6. Vampire’s Kiss - Alphabetical Order
“I NEVER MISFILED ANYTHING!” Ah, the arrogance of a literary editor who knows their alphabet and thinks they might be a vampire. We all know the alphabet — yet I’d listen to Cage scream his A, B, Cs for hours with his flailing arms like a wavy balloon man outside some used car dealership. It’s the essence of Cage. Take something normal and blow it to ridiculous proportions. Bless Vampire’s Kiss and all its Cageisms, from this impromptu educational lesson to Cage running down a sidewalk yelling “I’m a vampire!” as pedestrians cock their heads.
5. Mandy - The Bathroom
Mandy is one of the Cagiest movies that ever Caged, best represented by Red Miller’s bathroom breakdown. He’s filled with rage and agony, aimlessly swaying around in his tighty whities, devoid of answers. Every swig of alcohol, his guttural screams, the desperate sobs — he’s transforming into a beast before our eyes. Tears are interrupted by seething anger, then back to depression, then back to a predator’s scowl.
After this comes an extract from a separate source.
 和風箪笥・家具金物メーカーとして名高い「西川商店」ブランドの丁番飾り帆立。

Cage cycles through emotions like a Rolodex and stares into the camera, ready to leap from your screen, a berserker about to go nuclear as so divinely conveyed by a Cage who feels everything everywhere all at once.
4. The Wicker Man - Not The Bees
Did you know that the most memorable and quotable moment in all of The Wicker Man didn’t make the original cut? It wasn’t until the unrated version that audiences were gifted policeman Edward Malus’ torment, including a bee basket mask. Cage only has poorly pixelated insects to fear but projects immense fear as the animated bees cover his face like a beard. The way that Cage narrates what’s happening — “THEY’RE IN MY EYES” — makes his dialogue so sharable. No actor goes above and beyond like Cage as he digs miles deep to ensure Malus reflects every sting of displeasure surging through the investigator's swollen body.
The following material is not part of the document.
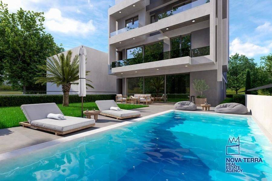 PALEO FALIRO, Duplex Apartment,, Sale, 102 sq.m, year built 2025, 2 rooms, Ground Floor, 1st, Various Characteristics: Balcony, Bath (2), Escalator, Fire Place, Kitchen, Living room, Store Room, Toilet, Flooring: Wooden floor, Heating: Autonomous Heat oil, Access road, Aluminium panels, Bright, Double-glazing, Facade, From Side to Side, Luxury, Minimal, Newly built, Painted, Residential area, Security Door, Solar Heating, Weekend Residence, In perfect condition: : : : Parking area: Parking, Energy class: A. property ID: 51143, www.nova-terra.gr

3. Face/Off - I’d Like to Take His Face Off
"No more drugs for that man." Face/Off is a bizarre ‘90s masterpiece that lets two character actors rib one another's personas amidst gunfire. Cage (of course) steals the show, especially when explaining his plan to take "his face … off." It's not just about how Cage prolongs the delivery, but tugs on noses and flaunts wispy hand motions like he's some out-of-mind wizard. The quickdraw into a bathroom mirror is just the cherry on top as Cage steals another scene with his patented brand of larger-than-life acting prowess.
2. Con Air - Put The Bunny Back In The Box
Cameron Poe is an icon of ‘90s action cinema, as a father and husband who thwarts a prison transport escape to see his family again. Cage plays the former U.S. Ranger sporting immaculate Fabio hair with dedication, especially toward his daughter Casey. “Put the bunny back in the box” shouldn’t land with such intimidation, yet it’s one of the most cold-blooded line deliveries in the entire film. Cage’s face. The enunciation. The way each word strikes before any punches are even thrown. We all know the line, we all quote the line, and we’ll all continue doing so because Cage’s most famous works never go out of style.
1. Bringing out the Dead - Cocktail Hour
Cocktail hour in an ambulance ends as you’d presume for two New Your City medics on the night shift. Martin Scorsese’s examination of a burned-out ambulance paramedic presents one of Cage’s best roles as delusions haunt a man who looks paler than his ghosts. This scene sees Cage at his wit’s end, demanding alcohol at six in the morning while speeding through Manhattan. A first responder slurps gin before another call because he can’t stomach the next injured victim. Cage finds the loneliest portrayal of a broken man yet still brings his trademark energy, cackling loudly as he hoists himself from the overturned ambulance.